Your goal => With the pictures left out, retype exactly the lines below starting at the line that contains "KOGER Johannes 20.01.1788" and ending at the line that contains "Artificial Baby Rose".

Material for this exercise =>
◆ ◆ ◆

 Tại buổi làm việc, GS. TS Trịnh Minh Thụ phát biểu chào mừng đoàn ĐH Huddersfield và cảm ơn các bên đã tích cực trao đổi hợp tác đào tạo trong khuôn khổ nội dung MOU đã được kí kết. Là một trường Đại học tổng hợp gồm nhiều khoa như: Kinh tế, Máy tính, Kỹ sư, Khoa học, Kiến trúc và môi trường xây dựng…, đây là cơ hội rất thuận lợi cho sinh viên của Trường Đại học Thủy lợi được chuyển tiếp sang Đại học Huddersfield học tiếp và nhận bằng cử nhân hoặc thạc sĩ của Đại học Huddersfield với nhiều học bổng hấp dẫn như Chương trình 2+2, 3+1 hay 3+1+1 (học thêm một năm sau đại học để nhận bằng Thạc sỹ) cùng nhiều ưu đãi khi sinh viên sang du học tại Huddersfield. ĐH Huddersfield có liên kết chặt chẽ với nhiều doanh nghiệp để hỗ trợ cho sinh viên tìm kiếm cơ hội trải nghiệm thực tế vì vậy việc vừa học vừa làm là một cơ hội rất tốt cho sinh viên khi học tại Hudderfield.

◆ ◆ ◆

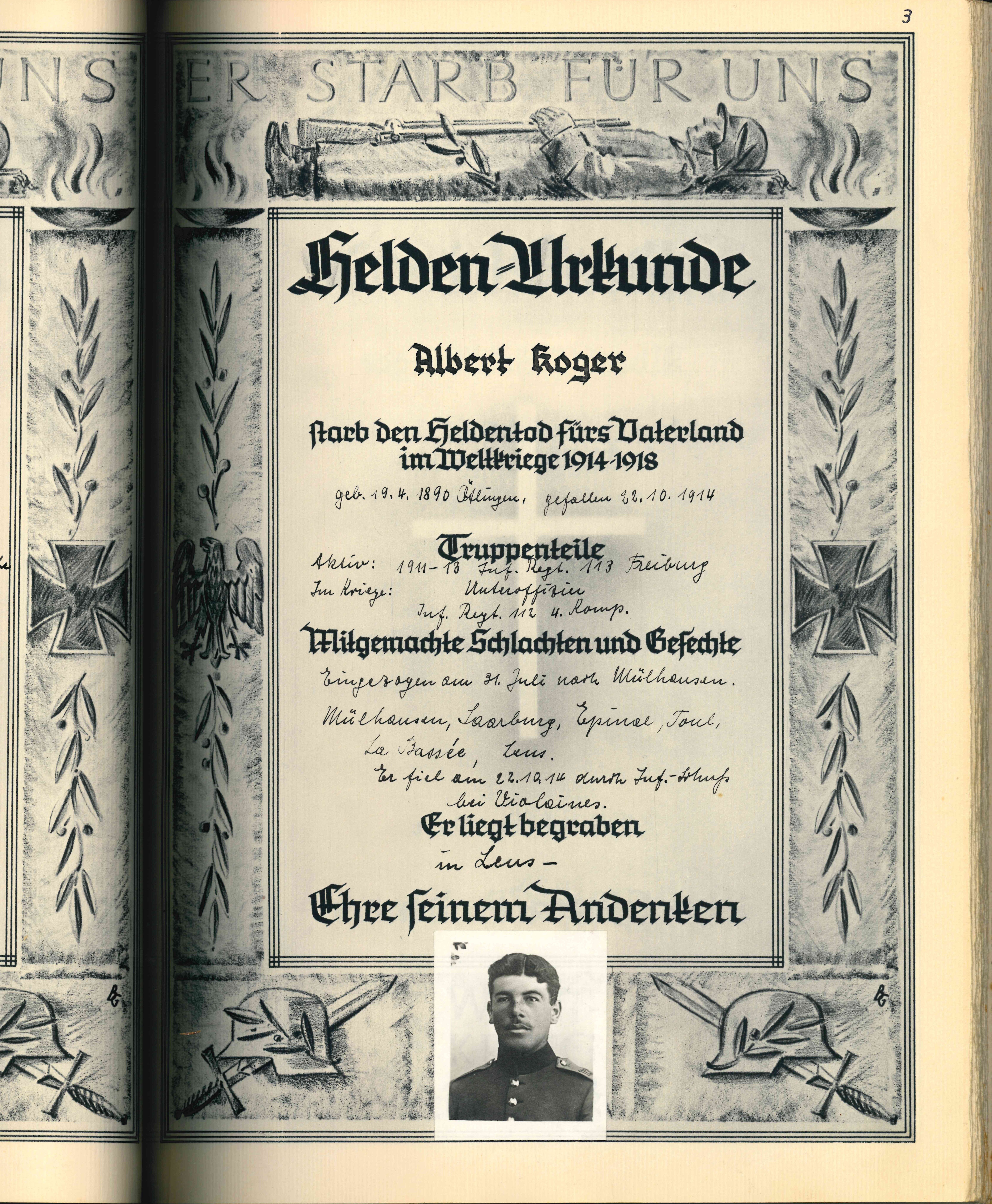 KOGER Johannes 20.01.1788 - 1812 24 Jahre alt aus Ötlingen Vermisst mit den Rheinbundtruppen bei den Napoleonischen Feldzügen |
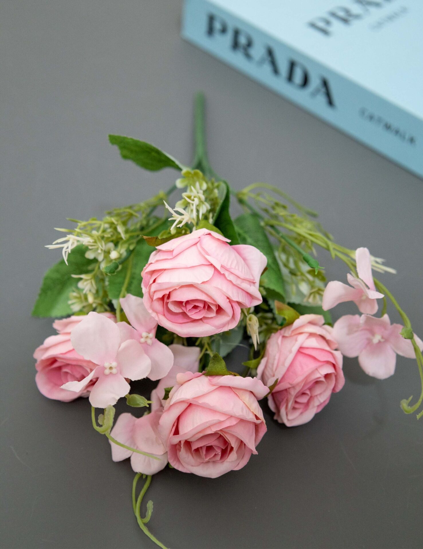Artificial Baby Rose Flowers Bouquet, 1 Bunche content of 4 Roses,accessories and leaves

◆ ◆ ◆

Expected answer =>
 KOGER Johannes 20.01.1788 - 1812 24 Jahre alt aus Ötlingen Vermisst mit den Rheinbundtruppen bei den Napoleonischen Feldzügen |
Artificial Baby Rose Flowers Bouquet, 1 Bunche content of 4 Roses,accessories and leaves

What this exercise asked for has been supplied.